100 Days

 

 

 

 

 

 

 

 

 

 

 

One hundred days separate the American voter from the day of decision in the 2012 Presidential election.   The weight associated with decisions of such magnitude only slowly begin to pervade the consciousness at the century day mark.  Americans are tied to their Presidents – even unpopular Presidents seem to hold on to a veneer of poll support as the election approaches, weighed against their lesser known opponents.  The idea of “starting over” is not a comfortable concept with most voters; the tested seems preferable to the untested.  The discomfort comes from the simple premise of having to admit an electoral mistake the first time – the pesky recognition that the selection proved to be not quite up to the task of running the the most powerful and complex country on earth.  Such determinations are not flippant decisions but rather gut checks that become rational to the voter in the last days before the election.

The hundreds of millions of dollars to be spent by the current candidates in a blizzard of campaign advertising in the next one hundred days will be focused on convincing us of the capacity of each candidate for the job, to the denigration of the other.  The more personally negative the campaign typically the weaker foundation of performance of the candidate and the greater concern of the candidate to their own progressive image they  have developed in the eyes of the public.    This year appears to be entering into just such a phase, and the owner of the negativism appears to be – the President.  Struggling to project his “successes” on  a wary public digesting a burgeoning public debt, extended recession, and flagging international respect, the President’s talk has turned to the dismantling of his opponent.  The President’s caricature of Romney is a man who is too rich to relate to the plight of “folks”,  whose Mormonism is “too weird” to reflect the values of the everyman, and who’s determination to reduce the nation’s burgeoning dependence on governmental largess is stealthily racist.

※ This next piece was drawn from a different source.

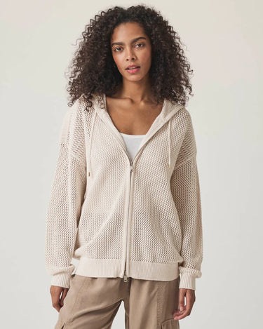 Feel the breeze in the Nala Zip Up Sweater Hoodie. It's breathable mesh stitch design helps keeps you cool while providing coverage. Featuring a 2-way zipper closure, knit drawcords at the hood and an oversized body, this style is perfect for layering over all your tees or tanks.

A similar script defined the election of 1980 between President Jimmy Carter and his challenger Ronald Reagan.  Carter’s record of performance in office battered by the twin economic peaking headwinds of 15% inflation and 20% interest rates and shackled to immobility by the Iranian hostage crisis, Carter re-directed the focus onto Reagan’s capabilities.  Despite a record of innovative and stable governance of the nation’s most productive state, California, Reagan was labeled a dunce, a failed  B-movie actor, an extremist, a demagogue, and most tellingly, a warmonger.  The polls at the time suggested Carter and his accomplices in the media had marked their target well – a January 1980 Harris poll had Carter leading Reagan a stunning 65-31% and across all voting groups, and Carter continued with a double digit lead into September of that year.  Under considerably worse economic trends it appeared the 1980 voting public was comfortable with staying with the known factor Carter against the potentially “unstable” Reagan, regardless of their sense of Carter’s grasp of the nation’s needed course corrections.

The result was stunning reversal of the predicted polling trends.  Reagan squashed Carter winning the Electoral College by 489-49  and the popular vote by 10%, with the greatest damage to Carter appearing to come from his own voter base, so called Reagan Democrats who abandoned Carter in the last few weeks of the campaign and latched their hopes on the more positive views of America’s future elicited by Reagan.  The foundations of the landslide turned not on the popularity or likability of the two individuals nor their personal proclivities but on the premise Reagan framed so brilliantly in the final debate with Carter:

“Are you better off now than you were four years ago? Is it easier for you to go and buy things in the stores than it was four years ago? Is there more or less unemployment in the country than there was four years ago? Is America as respected throughout the world as it was? Do you feel that our security is as safe, that we’re as strong as we were four years ago? And if you answer all of those questions ‘yes’, why then, I think your choice is very obvious as to whom you will vote for. If you don’t agree, if you don’t think that this course that we’ve been on for the last four years is what you would like to see us follow for the next four, then I could suggest another choice that you have.”

The devastating conclusion of the voter was that things could not keeping going the direction they were going, and that they could not continue to be led by the current office holder in the direction he was leading.  An election of personalities in the final two weeks became an election based on competence, and the voting public had seen enough of the competence of one to decide to take a chance on the competence of the other.

The elements of the current sense of unease are in my mind similar to the buffeting winds of 1980.  The polls suggest a tight election and the electoral college maps still forecast an Obama victory.  I believe however the next hundred days, baring some unforeseen calamity, will progressively focus the voter on the logic of the echoes of Reagan’s framing of the above question.  Are you better off? Will your children be better off? Will the world be better off?

I believe the question as to four more years of expanded governmental influence on economic decision making, debt proliferation, loss of individual determination, and the permanence of government as central decision maker in our lives will be answered conclusively.  Romney 51.5%, Obama 48.5% ,  Romney 307, Obama 231.  The driving force of this year’s election?  A voting group heretofore not known – the Romney Democrat.